What you should do: Write out the data below exactly as given, without any of its pictures.

Dataset extract:

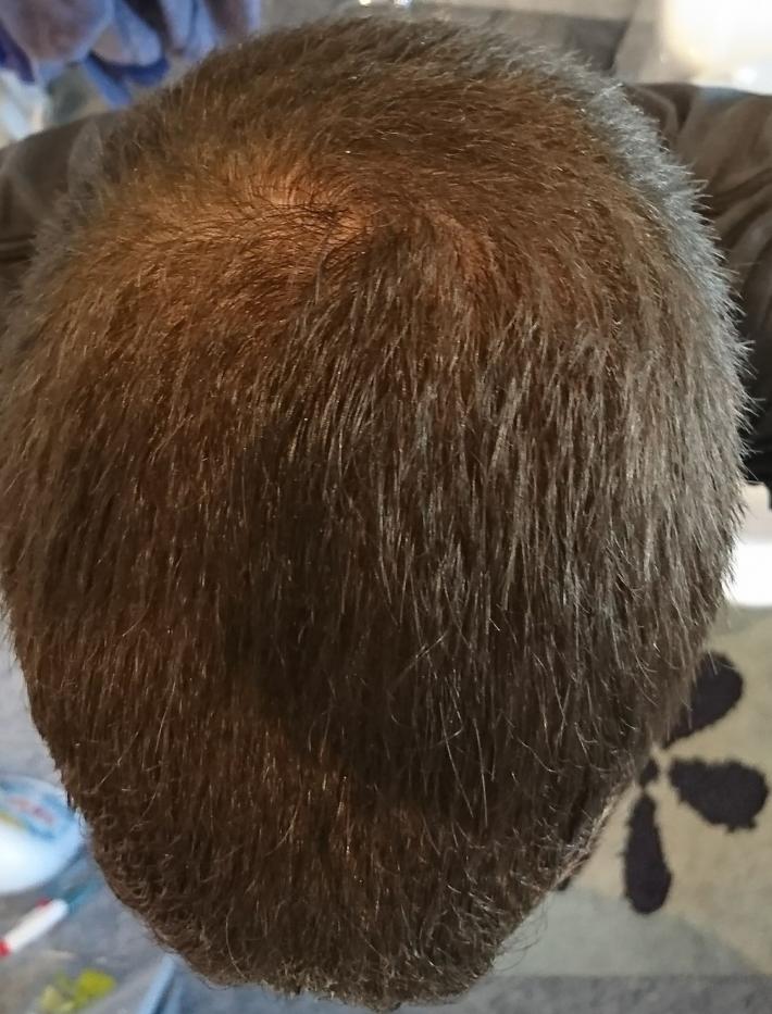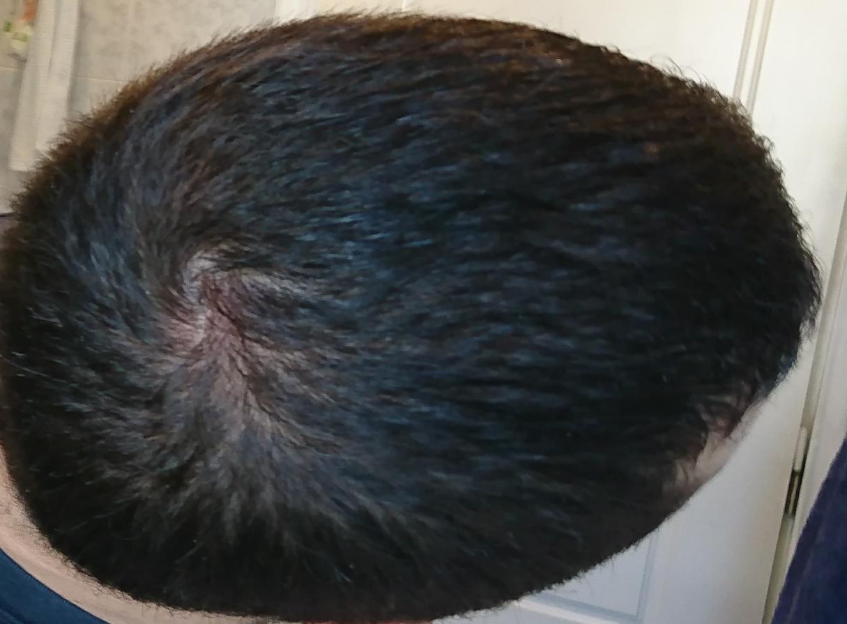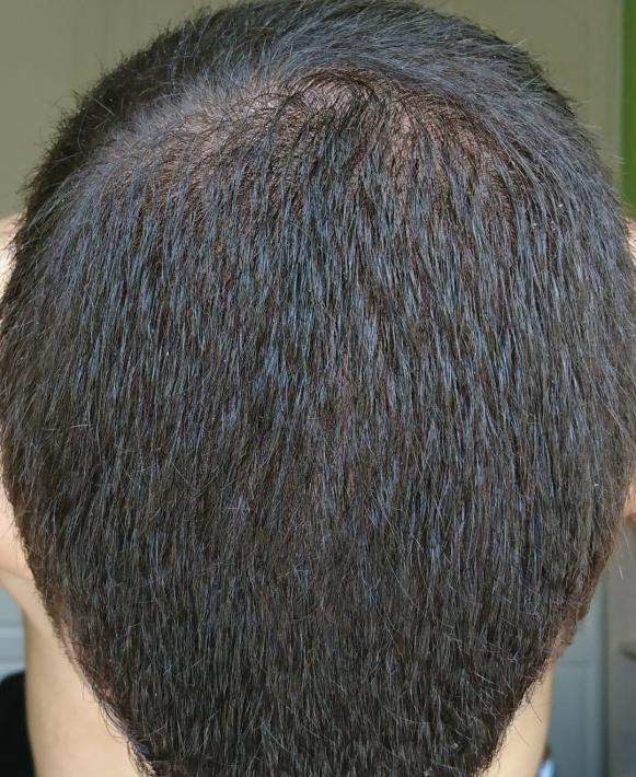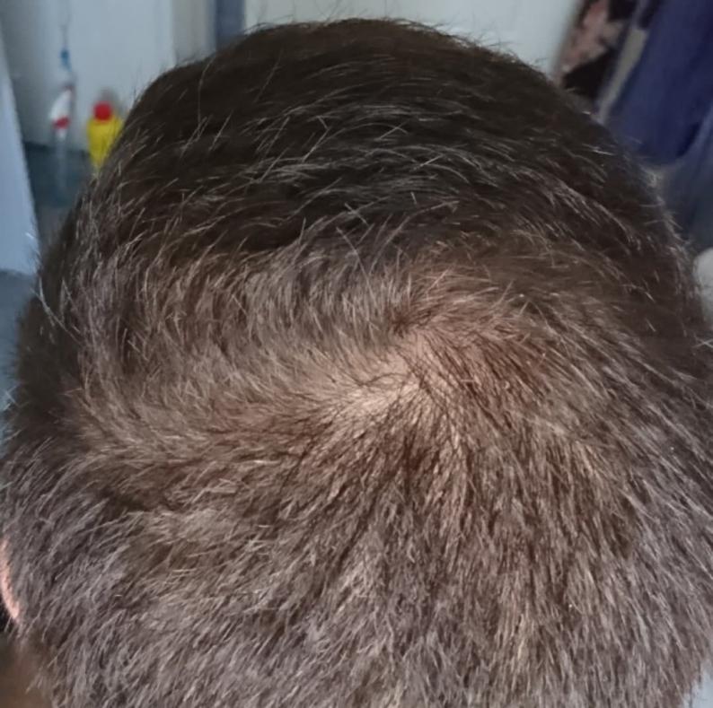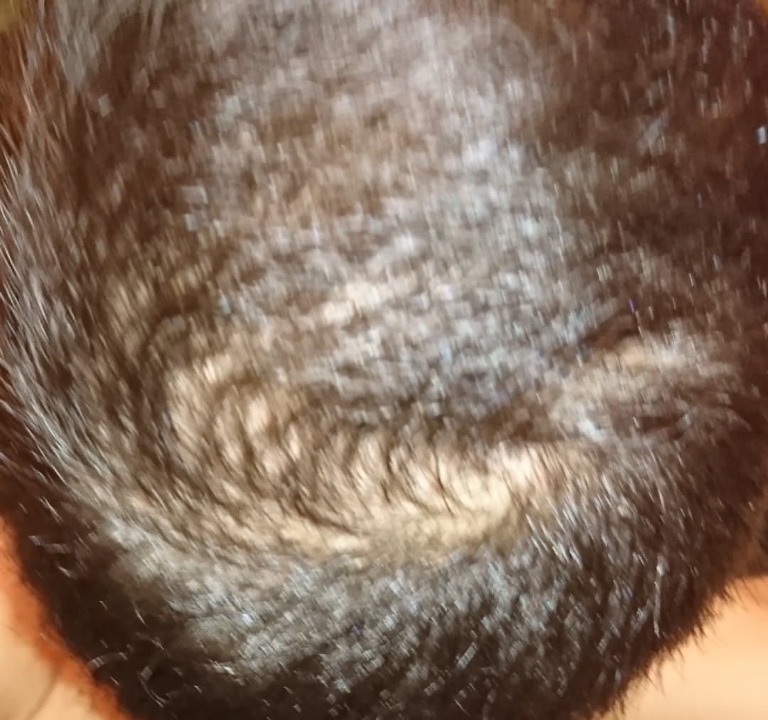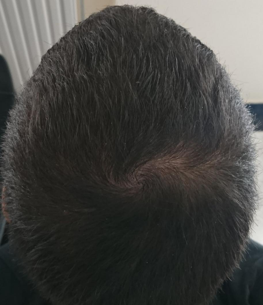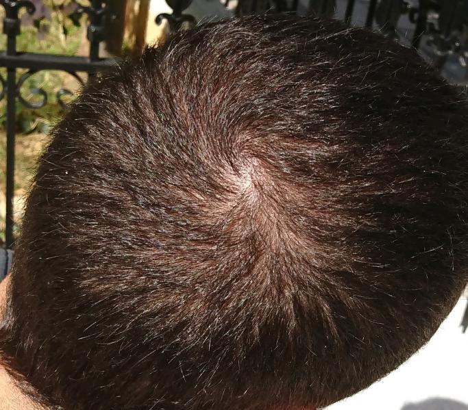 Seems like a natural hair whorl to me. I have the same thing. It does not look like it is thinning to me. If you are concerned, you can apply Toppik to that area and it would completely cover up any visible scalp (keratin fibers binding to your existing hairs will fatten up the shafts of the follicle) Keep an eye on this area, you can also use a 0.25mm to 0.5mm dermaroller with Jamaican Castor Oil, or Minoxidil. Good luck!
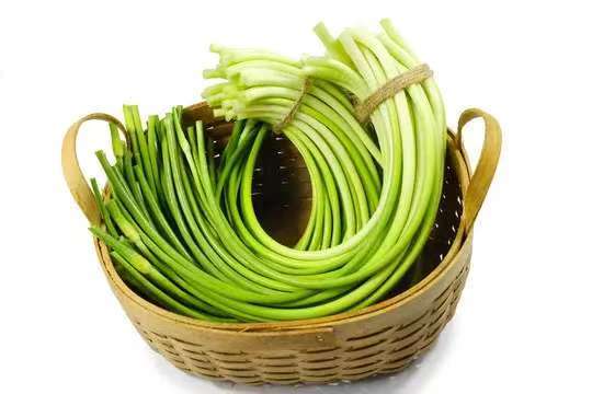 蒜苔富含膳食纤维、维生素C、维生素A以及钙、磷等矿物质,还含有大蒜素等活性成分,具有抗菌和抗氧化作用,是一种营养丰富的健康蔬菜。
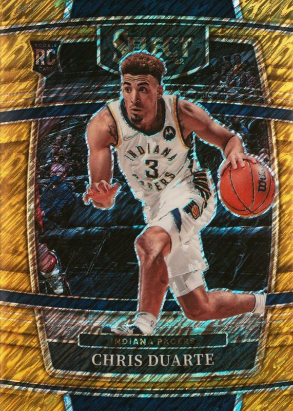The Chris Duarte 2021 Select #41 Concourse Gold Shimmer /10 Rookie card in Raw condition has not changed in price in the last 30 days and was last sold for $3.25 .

Response:
 Seems like a natural hair whorl to me. I have the same thing. It does not look like it is thinning to me. If you are concerned, you can apply Toppik to that area and it would completely cover up any visible scalp (keratin fibers binding to your existing hairs will fatten up the shafts of the follicle) Keep an eye on this area, you can also use a 0.25mm to 0.5mm dermaroller with Jamaican Castor Oil, or Minoxidil. Good luck!
 蒜苔富含膳食纤维、维生素C、维生素A以及钙、磷等矿物质,还含有大蒜素等活性成分,具有抗菌和抗氧化作用,是一种营养丰富的健康蔬菜。
The Chris Duarte 2021 Select #41 Concourse Gold Shimmer /10 Rookie card in Raw condition has not changed in price in the last 30 days and was last sold for $3.25 .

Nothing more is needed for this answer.